The research, a review of 12 studies that included more than half a million people, found that adults who had prehypertension -- meaning systolic blood pressure (the top number) between 120 and 139 or diastolic blood pressure (the bottom number) between 80 and 89 -- had a 55% increased risk of having a stroke compared to adults whose blood pressure fell within the normal range.
Researchers have long observed that people with normal blood pressure have about half the risk of having a stroke over the course of their lives as those who have high blood pressure. But it was less clear what having prehypertension might mean for heart and blood vessel health , or whether it should even be treated.
"Across the board, whether we looked at race, ethnicity, or sex, there was this higher risk of stroke if you were diagnosed with prehypertension," says researcher Bruce Ovbiagele, MD, a neuroscience professor and director of the Stroke Center at the University of California at San Diego.
The risks associated with prehypertension were even higher, however, for young and middle-aged adults, and for those who fell in the upper end of the prehypertensive range.
The study found that adults younger than 65 with prehypertension had a 68% increased risk of stroke. And those with a systolic blood pressure between 130 and 139 or a diastolic blood pressure between 85 and 89 had a nearly 80% increased risk of stroke.
Prehypertension didn't increase the risk of stroke risk in seniors, probably because many adults who reach that age have other risk factors, including age and related health conditions, that come into play.

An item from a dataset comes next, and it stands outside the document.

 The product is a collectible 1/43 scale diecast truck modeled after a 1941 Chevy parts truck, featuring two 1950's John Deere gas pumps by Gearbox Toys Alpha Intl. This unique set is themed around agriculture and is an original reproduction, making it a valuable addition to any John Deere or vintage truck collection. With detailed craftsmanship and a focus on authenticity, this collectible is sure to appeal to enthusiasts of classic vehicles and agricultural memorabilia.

"It was interesting to confirm that there is this higher risk, but it was even more interesting to be able to narrow it down to certain types of individuals who seem to be at exceptionally high risk of having a stroke if they have prehypertension," Ovbiagele says.

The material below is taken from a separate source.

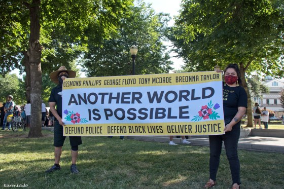 Two peaceful protesters of George Floyd killing, Chico City Plaza.

The study is published in the journal Neurology.
Does Higher-Than-Normal Blood Pressure Need Drug Treatment?
Experts who were not involved in the study called its findings compelling and said they may ultimately shift the threshold that doctors use to decide when to put their patients on blood-pressure-lowering drugs.
"It really makes us wonder whether we should be prescribing medications for those individuals," says Amytis Towfighi, MD, assistant professor of neurology at University of Southern California in Los Angeles and chair of the neurology department at Rancho Los Amigos National Rehabilitation Center in Downey, Calif.
"However, to know for sure, we'd have to do a study to see if prescribing medications will actually lower stroke risk for those individuals," says Towfighi, who wrote an editorial on the study.
Study researchers say that lifestyle changes are the best place to start when blood pressure numbers creep up into the prehypertension range.
Lifestyle changes that have been shown to lower blood pressure include cutting back on sodium and losing weight. "Lifestyle changes are very, very difficult, but if they're done properly, we know that they work," says Ovbiagele. "As a physician, I still think the best way to go is to modify one's lifestyle.
"We know that prehypertension is rising with the obesity epidemic. I see patients who are 17, 18, and 19 who are having strokes, and they are almost exclusively obese. So I think something is going on and lifestyle changes could have an impact, albeit modest."
That's the advice Ovbiagele gives to his patients, but he knows that it may be difficult to make the changes necessary to get their blood pressure down to normal.
So he's in the midst of designing his next study, which will test whether blood-pressure-lowering medications reduce stroke risk when they're given to treat adults younger than 65 with blood pressures over 130/85.
One previous, small study did show that medication, when given for blood pressures in the prehypertensive range, were relatively safe and effective at preventing people from going on to develop full-blown high blood pressure (hypertension). The study did not follow patients to see if the aggressive therapy was able to lower a person's risk for having a heart attack or stroke.
"That's what we want to do," says Ovbiagele.